Since many of these factors are difficult for most farmers and gardeners to determine, one very handy tool to determine if excess salts are accumulating or being effectively leached past the root zone is an electrical conductivity meter.

An electrical conductivity meter is relatively inexpensive (roughly $30-50 US) though calibration solutions are generally required and must be replaced periodically at additional expense (about $25 US for a 500 mL bottle of 1413 µS/cm calibration solution). This device measures the ability of electricity to be conducted through the soil water solution. The more positively and negatively charged ions (dissolved minerals) present in a soil, the more easily electricity can pass through it. A soil is officially considered to be saline when it has an electrical conductivity of greater than 4 decisiemens per meter (dS/m). However, whenever Grow Your Soil (growyoursoil.org) gets soil test results showing 1.5 or greater dS/m, we consider that a warning sign and will discuss crop performance and possible sources of salinity with the grower to avoid the need for leaching the soil should it become saline in the future.
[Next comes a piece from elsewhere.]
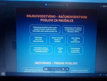Nudim obavljanje računovodstvenih poslova za preduzetnike paušalce, registracija, promena i brisanje u APRu, podnošenje poreskih prijava putem portala E-Porezi, prijava za eko taksu preko portala LPA, arhiviranje dokumentacije, slanje mesečnih naloga i provera uplate, upis radnog staža preduzetnika, vodjenje KPO knjige i obezbeđujem komunikaciju sa poreskim inspektorima. U domenu imovinsko-pravnih poslova, pripremam dokumentaciju i predajem je za ostavinsku raspravu u sudu i kod javnog beležnika, uz podršku tokom ročišta. Pružam usluge podnošenja svih poreskih prijava poreza na imovinu i pravljenje kupoprodajnih ugovora sa zakazivanjem overe kod javnog beležnika. Dodatno, nudimo pripremu dokumentacije i predaju zahteva za oslobađanje takse za RTS, priprema dokumentacije i predaja zahteva za starosnu, poljoprivrednu, porodičnu invalidsku penziju. Kontaktirajte nas za pouzdanu podršku u ovim oblastima. Karakteristike: Usluga: Računovodstvene usluge; Tip posla: Knjigovodstveni poslovi; Za koga: Paušalci; Podnošenje prijava: Poreske prijave; Podnošenje zahteva: LPA portal; Dodatno: Arhiviranje dokumentacije; Mesečni nalozi; Upis: Radni staž; Penizija: Starosna, porodična, invalidska; Knjige: KPO; Komunikacija: Poreska inspekcija; Usluga: Imovinsko-pravni poslovi; Priprema: Dokumentacija za ostavinsku raspravu; Podrška: Ročišta; Vrsta prijava: Poreske prijave na imovinu; Ugovori: Kupoprodajni; Overa: Javni beležnik; Zahtev: Oslobađanje takse za RTS. Predaja dokumentacije za sve vrsta penzija za fizička lica.
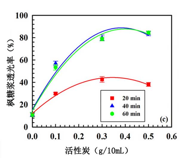 楓糖漿透光率隨混合時間和添加的活性炭濃度的變化。楓糖漿的透光率隨活性炭混合時間(20、40和60分鐘)的變化(活性炭類型不同)而變化如圖3所示。獲得的結果表明,活性炭通過使用40分鐘的處理時間,吸附動力學達到了最大值。在這種情況下,獲得的最大透光率為83.70±0.21%。此后,吸附達到飽和。但是,在固定使用濃度的活性炭下,混合時間的影響在20分鐘的處理中最低;旌40至60分鐘之間未觀察到明顯差異。

Using an electrical conductivity meter to assess salinity is relatively easy and can be done in about 10 or 15 minutes by a grower, so no soil sample needs to be sent to a lab. By regularly monitoring soil salinity, one can modify their irrigation practices early on to maintain a salinity level less than 1.5 dS/m (or 1500 µS/cm). Monitoring electrical conductivity is especially important with greenhouse soils that do not receive rainfall. Rainfall naturally helps to push excessive salts deeper into the soil, and without this, leaching only occurs through sufficient application of irrigation water.

Instructions for using an electrical conductivity meter are provided with the instrument or can be found easily on the internet. Remember to calibrate the electrical conductivity meter prior to use if it is not regularly used, and to keep its probe very clean with distilled water and covered when stored (and turned off after use so the battery works when you need it next).
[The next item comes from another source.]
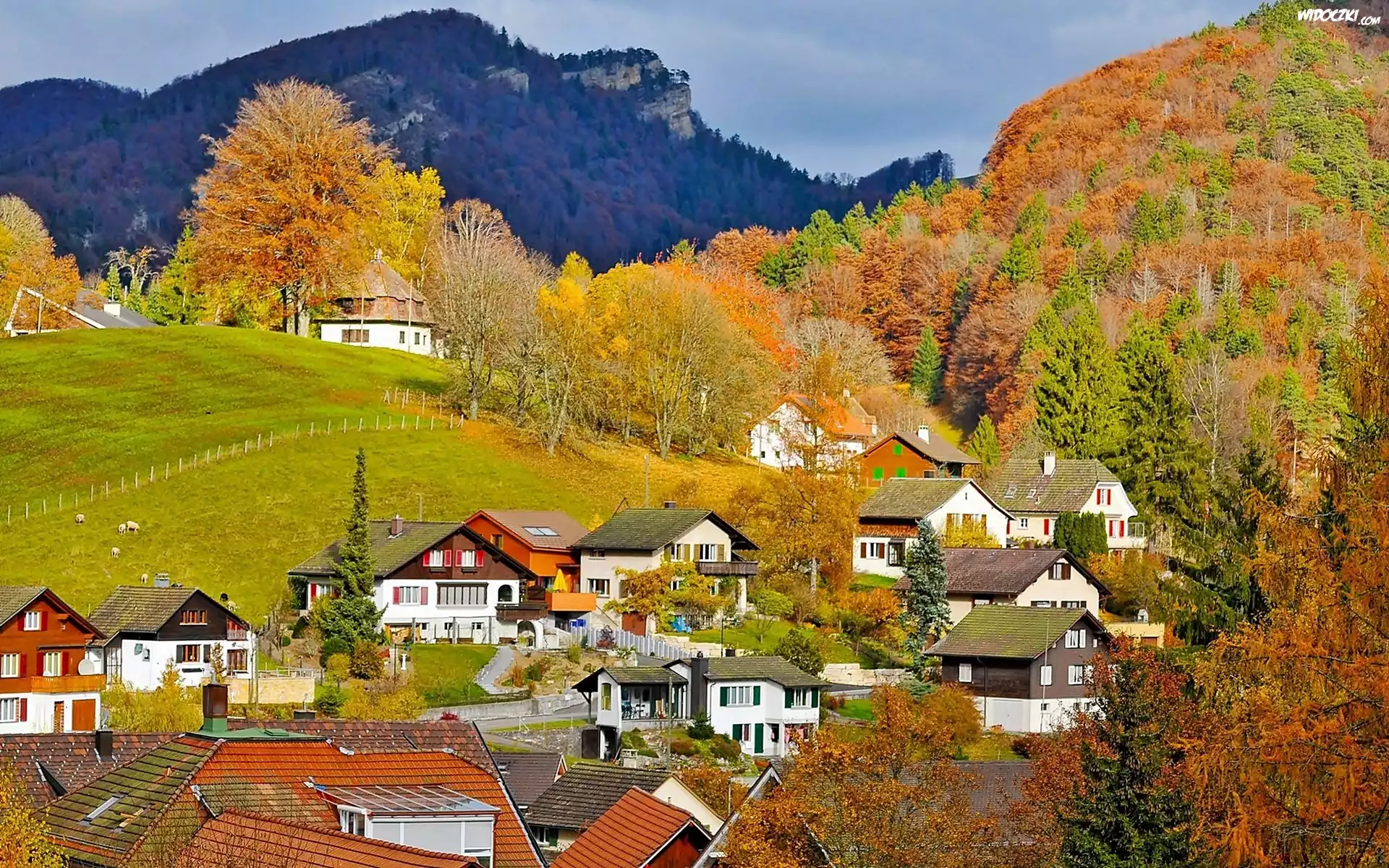 Zdjęcia, Jesień, Góry, Lasy, Łąki, Wioska, Alpejska

What other risks are present in irrigation water?

In addition to adding too many total salts to a soil, it is also possible that irrigation water contains high amounts of specific salts – bicarbonates, sodium, boron, chloride, and other minerals that can be harmful to a soil. High amounts of minerals in irrigation water are common in more arid and semi-arid regions, but boron in irrigation water is common where the source of water is near an ocean due to saltwater infiltration of the ground water.

If you are curious or suspicious about your irrigation water quality and want to know more about the specific salts and compounds it carries, it is best to submit a sample of your irrigation water to a lab for analysis. The only parameters that you can easily test for yourself are salinity, with an electrical conductivity meter), and pH (with a pH meter or test strips) but that does not necessarily indicate the level of bicarbonates and carbonates your water may contain. To determine specific nutrient levels in your water that may be affecting crops, expensive equipment must be used under laboratory controlled and calibrated conditions, following strict training and testing procedures. When submitting a sample, be sure to request a test package for irrigation water and not drinking water, since drinking water is analyzed for different parameters. Spectrum Analytic Inc. has created an excellent reference “Guide to Interpreting Irrigation Water Analysis” to help you understand your irrigation water results and identify any potential challenges. 

“Fixing” irrigation water

If you find that your irrigation water has excessive and dangerous amounts of certain elements, you can invest in technology to remove those elements, but this is generally too expensive to be practical for agriculture, given the amount of water that would need to be treated. Rainwater catchment is a reasonable approach to sourcing water with fewer dissolved minerals, but it may be prohibitively expensive if you want to capture and store all of the water your garden or farm needs during the growing season. However, any amount of rainwater stored means that you will need to apply that much less of your lower quality irrigation water to the soil, so rainwater catchment, even in small quantities, should be considered.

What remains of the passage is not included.